*TASK DETAILS*
Extract only the lines from the start of the entries below to the line with "Estêvão clearly isn’t", inclusive; omit every picture.

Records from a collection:

┄┄┄┄┄┄┄┄┄┄┄┄┄┄┄┄┄┄┄┄

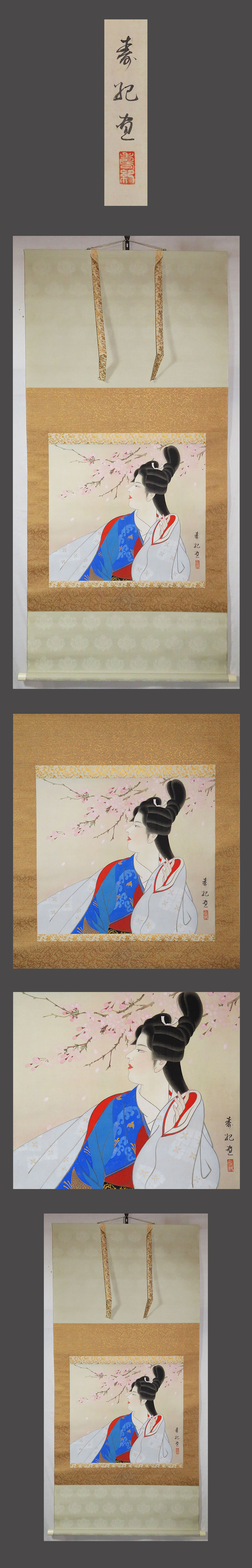 【adva】【真作】■宮下壽紀■花吹雪図■共箱■歌川派の流れを汲む美人画家■肉筆■掛軸■掛け軸■日本画■ 收藏
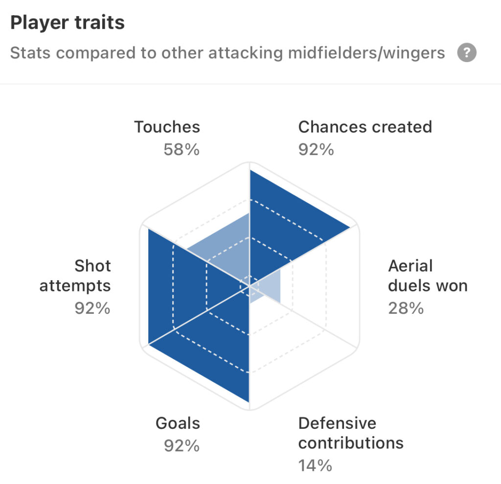 Estêvão clearly isn’t afraid to have a go either, averaging 1.4 shots per 90 minutes, with only the injured Liam Delap ahead of him, but as their number nine, taking shots is the very least he could do, with a total xG of 1.6 across his six Premier League appearances.
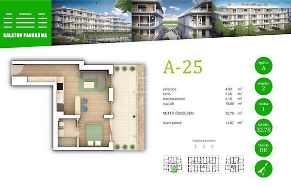 Az épületegyüttes a földfelszín alatt, a pinceszinten (parkoló szinten) egy tömeget képez, mely a földfelszín felett három épületszárnnyá (lépcsőházzá) válik szét. Az épületszárnyak közötti sétányokon burkolt terek és kiemelt kazettákban elhelyezett intenzív zöldtetők kerülnek kialakításra. A Balaton felé néző közös használatú kertrészben pedig egy szintén közös használatú medence is helyet kap.
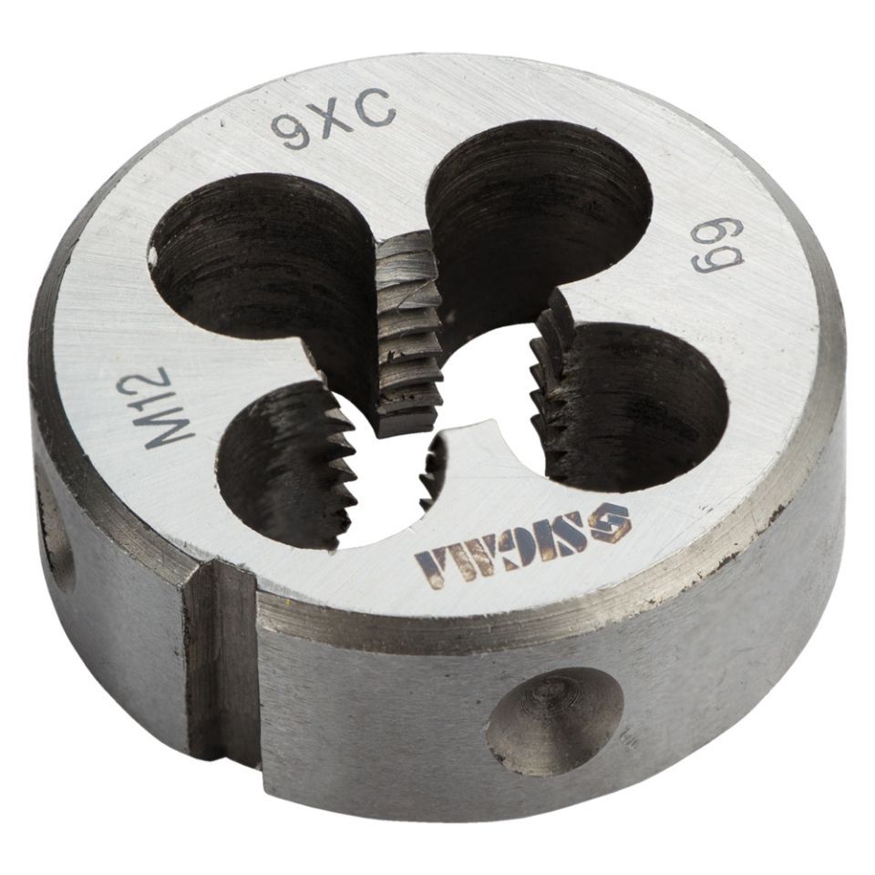Плашка М12×1.75мм SIGMA (1604351) предназначена для нарезания или калибрования наружных резьб. Для работы закрепляются в держателях для плашек со стопорными винтами. Для фиксации на наружном цилиндре плашки существуют конические углубления и угловой паз. При нарезании, резьбу, предварительно, смазывают консистентной смазкой.
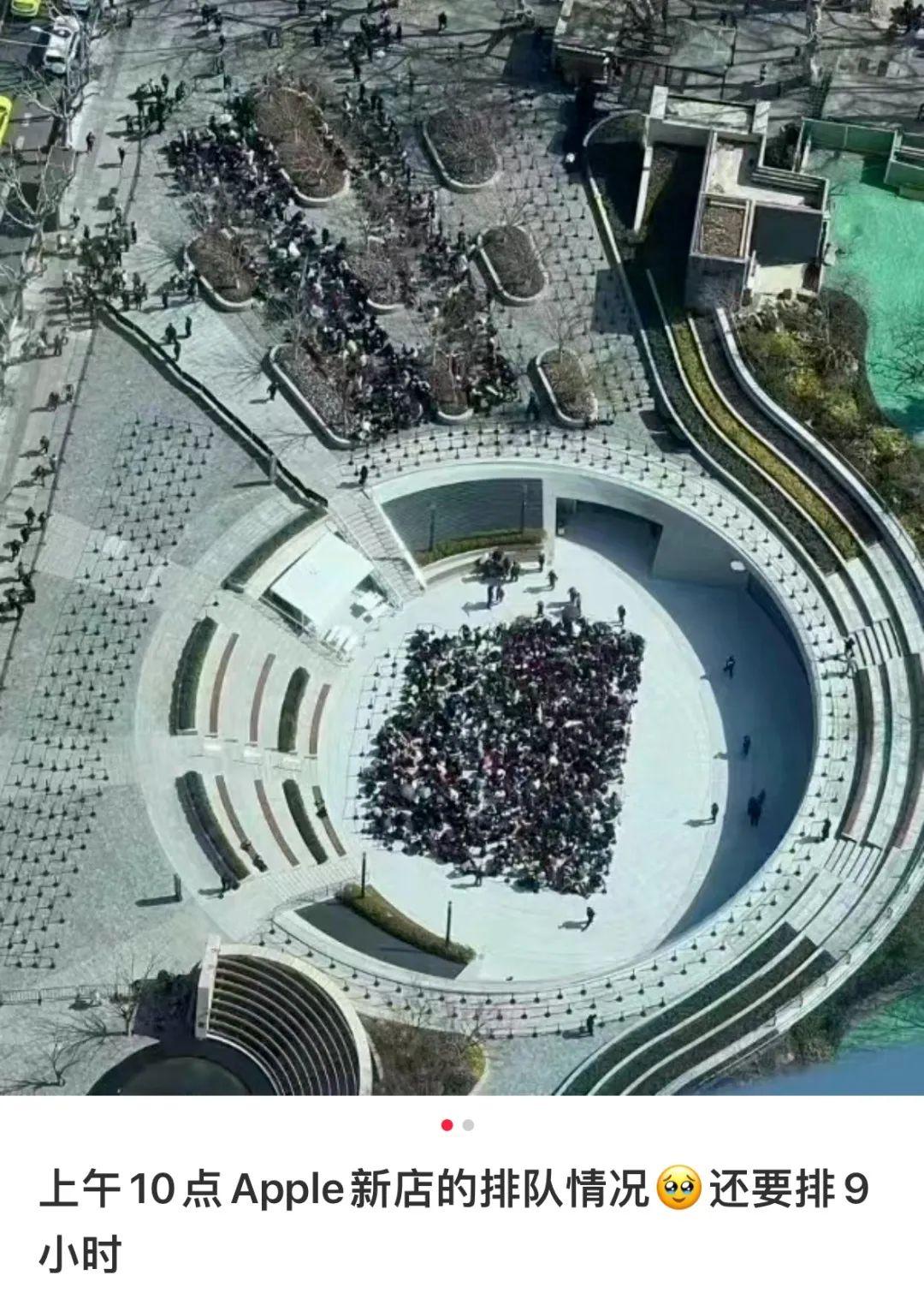 苹果店还为排队的人群发放饮用水,网友调侃等下这水也会上二手平台上卖了。
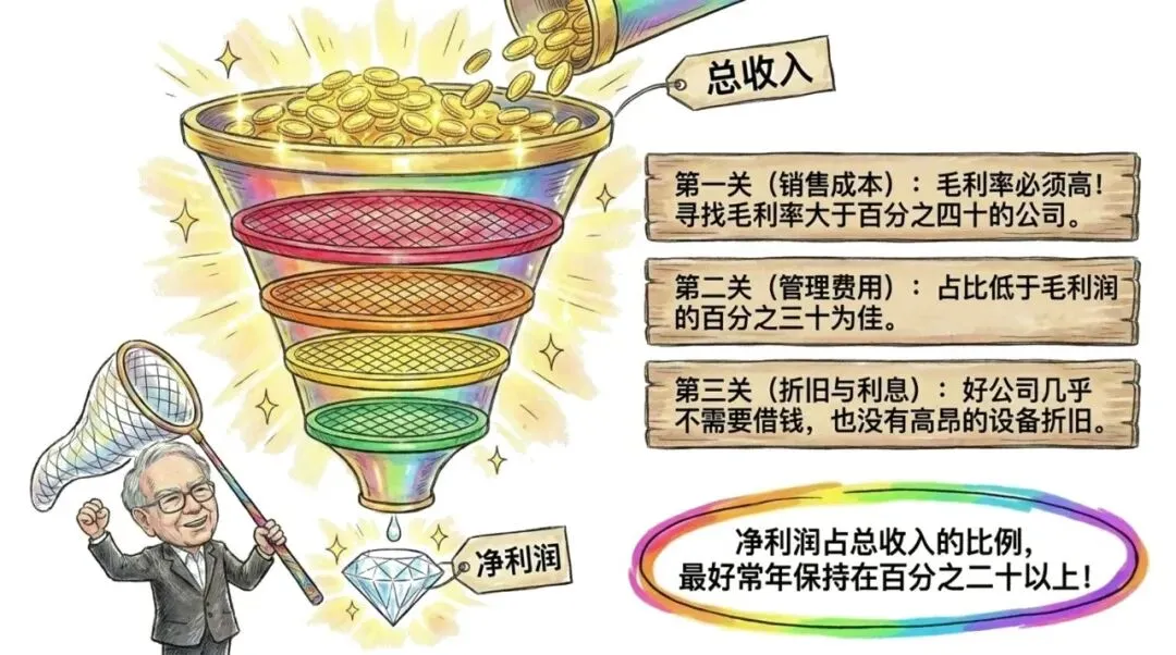 净利润不是天上掉下来的,它需要经过三道严苛的筛选。第一关是毛利率,必须常年大于40%,这代表公司拥有强大的定价权。第二关是管理费用,占比最好低于毛利润的30%,说明公司运转极其高效。第三关是折旧与利息,真正的好公司几乎不需要借钱,也不用花大价钱维护昂贵的设备。层层过滤后,净利润占总收入的比例若能常年保持在20%以上,这就是真正的钻石企业。
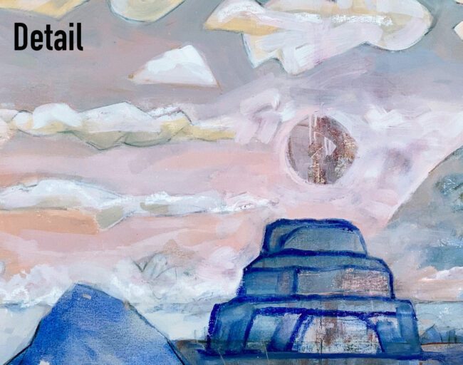 Oil and charcoal on canvas on panel. 48h x 48w inches. No frame required. Signed on left edge.
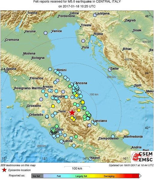 Утром 18 января в итальянских областях Лацио, Абруццо и Марке в течение часа произошли три сильных землетрясения магнитудой от 5,3 до 5,7. Об этом сообщает Русская служба ВВС со ссылкой на местные СМИ.
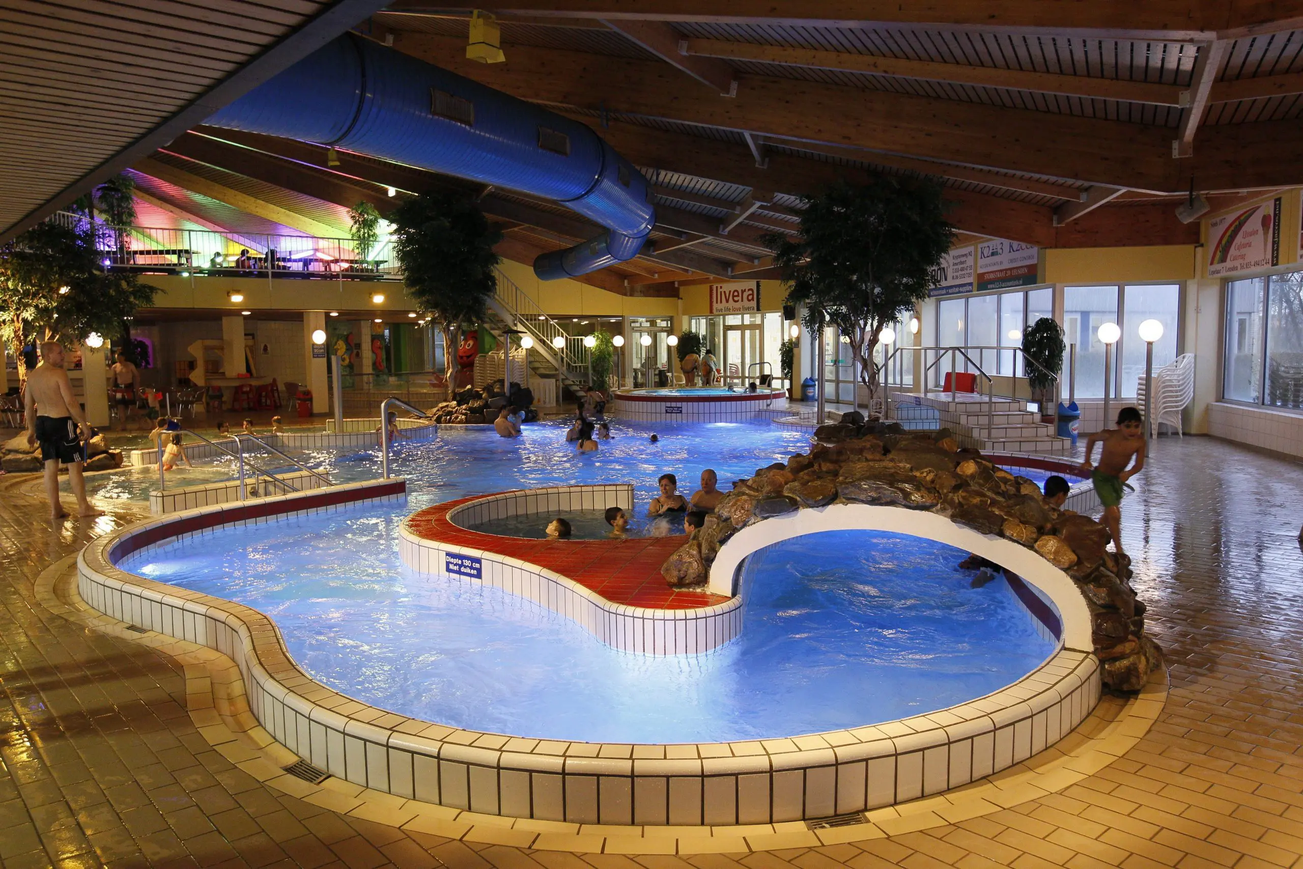 Ons speelse recreatiebad, met onder meer een stroomversnelling, een draaikolk, een bubbelbad en massage ligbanken heeft een gemiddelde watertemperatuur van 31 graden. Zet een snelle tijd neer op onze spectaculaire waterglijbaan! En voor de allerkleinsten hebben wij een apart peuter- kleutergedeelte met een Octopus glijbaantje. De glijbaan is alleen open op vrijdagavond tijdens discozwemmen en op zaterdag en zondag. Ons buitenbad is gesloten.
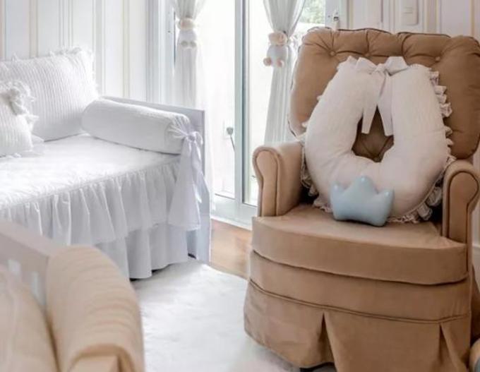 Os ursinhos de pelúcia complementam a proposta clássica do ambiente, que também ganhou almofadas em formato de coroa. O enxoval é todo feito de tricô, com muitos laços e babados que remetem a delicadeza.
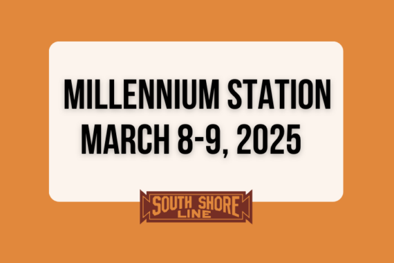 Between 6 a.m. and 7 p.m. Saturday and Sunday, March 8-9, 2025, all South Shore Line passengers utilizing Millennium Station will temporarily board/detrain from the Metra Depot (Tracks 5 and 6), located northwest of the SSL platform.
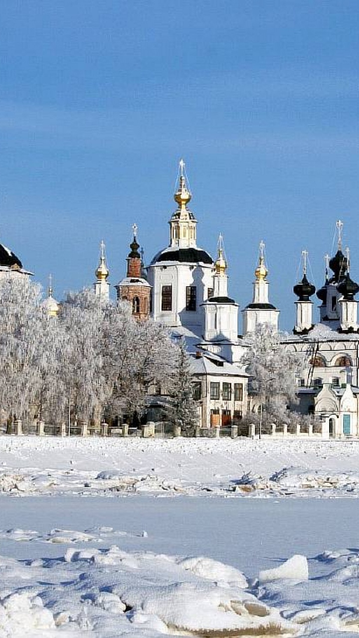 Обои Дед Мороз, великий Устюг, город, снег, зима для HD Samsung Galaxy S3/J3/J4/J5, Meizu M5, Sony Xperia L1/L2, заставка, 720x1280 картинка
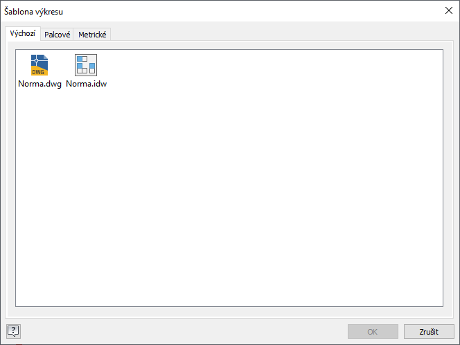 Přímý přístup k šablonám formátů listů při vytváření nového výkresového souboru

┄┄┄┄┄┄┄┄┄┄┄┄┄┄┄┄┄┄┄┄

*EXERCISE RESULT*
 【adva】【真作】■宮下壽紀■花吹雪図■共箱■歌川派の流れを汲む美人画家■肉筆■掛軸■掛け軸■日本画■ 收藏
 Estêvão clearly isn’t afraid to have a go either, averaging 1.4 shots per 90 minutes, with only the injured Liam Delap ahead of him, but as their number nine, taking shots is the very least he could do, with a total xG of 1.6 across his six Premier League appearances.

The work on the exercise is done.